Where do I get info about often-used templates like infobox and otheruses, or templates to help make buttons, charts and so on? Thanks.Losthornet (talk) 06:48, 11 April 2019 (UTC)

Hi Losthornet. There's some page links at Wikipedia:Templates, but most existing templates also have a documentation page where you can find information specifically related to how a certain template is to be used, etc. Some templates, like MOS:INFOBOX and WP:USERBOX are used so much that they also have their own Wikipedia pages. Wikipedia:WikiProject Template or Wikipedia:Village pump (technical) can also be good places to ask things about specific templates. -- Marchjuly (talk) 07:03, 11 April 2019 (UTC)
(edit conflict)Losthornet Hi, Here is the list of inboxoes and their associated templates. See Template:Graph:Chart for graph template. There are many "button" templates and here are a few of them 1, 2 and 3. Cheers. CASSIOPEIA(talk) 07:10, 11 April 2019 (UTC)

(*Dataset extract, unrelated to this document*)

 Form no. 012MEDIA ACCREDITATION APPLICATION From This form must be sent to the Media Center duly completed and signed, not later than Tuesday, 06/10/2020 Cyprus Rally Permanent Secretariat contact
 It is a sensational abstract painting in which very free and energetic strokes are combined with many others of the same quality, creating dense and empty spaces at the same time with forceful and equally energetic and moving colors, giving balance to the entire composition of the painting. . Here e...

Thanks for the info. Will check out the templates there. Losthornet (talk) 07:30, 11 April 2019 (UTC)

@Losthornet: To add to the answer by CASSIOPEIA, you may also be interested in a template for fancy representation of key-press combinations and sequences, different from pushbuttons depicting. If so, please see {{Key press}}. Face-smile.svg CiaPan (talk) 08:50, 11 April 2019 (UTC)

iTunes chart

When adding to a discography section, does iTunes count as a recognised chart? For example, if an album reached no. 670 on iTunes, would this be included? I’m guessing not, but I want to be sure. – DarkGlow (talk) 22:39, 10 April 2019 (UTC)

DarkGlow, your hunch is correct, iTunes (and other single-vendor charts) do not count. See WP:CHART for more info signed, Rosguill talk 22:40, 10 April 2019 (UTC)
Rosguill ^.^b, that was my lucky find for today, thanks. ASSUME:NOTHING is key for everything related to Emma Blackery. – (talk) 11:45, 11 April 2019 (UTC)

Illogical lead sentence of Wikipedia:Reliable sources

The original sentence says about the "views that have appeared in those sources". But in my opinion, they appear in quite another place - in Wikipedia articles. I have no words for this, and feel exhausted. Please, see the article talk and help me. Vikom talk 19:24, 10 April 2019 (UTC)

Hello, Vikom: I disagree with your interpretation. The text is "making sure that all majority and significant minority views that have appeared in those sources are covered", i.e. the views that appeared in the sources are covered in the Wikipedia article. This makes complete sense to me. --ColinFine (talk) 19:40, 10 April 2019 (UTC)
Vikom, you're approaching the question from opposite ends.
1. Everything in the sources must be in the article note: this is an oversimplification
2. Everything in the article must be in the sources
Both of these things are required by WP policy. You're trying to turn statement of policy intended to communicate point 1 into a statement that communicates point 2.
--valereee (talk) 19:43, 10 April 2019 (UTC)
Hang on, Valereee. It is absolutely not the case that "everything in the sources must be in the article". Not everything in a reliable source is necessarily encyclopaedic. Only your point 2 is policy, and as far as I can see, the sentence expresses that. --00:00, 11 April 2019 (UTC)
But point 1 contains an important note: "this is an oversimplification" Vikom talk 04:23, 11 April 2019 (UTC)

I focused on "all views", neglecting the key words inside the phrase "all majority and significant minority views". However covering all views seemed so unrealistic, that the only alternative I could find was an "illogical sentence". Now I wonder why none of you gave me a simple example like: "...otherwise we could describe Ronald Reagan only as an actor, neglecting his presidency". If I had known the reason for the rule, I would have easily understood the rule itself. Thank you both very much!
Valereee, your explanation was absolutely crucial. I was stuck, but you have pointed me in the right direction. Thanks :-) Vikom talk 03:57, 11 April 2019 (UTC)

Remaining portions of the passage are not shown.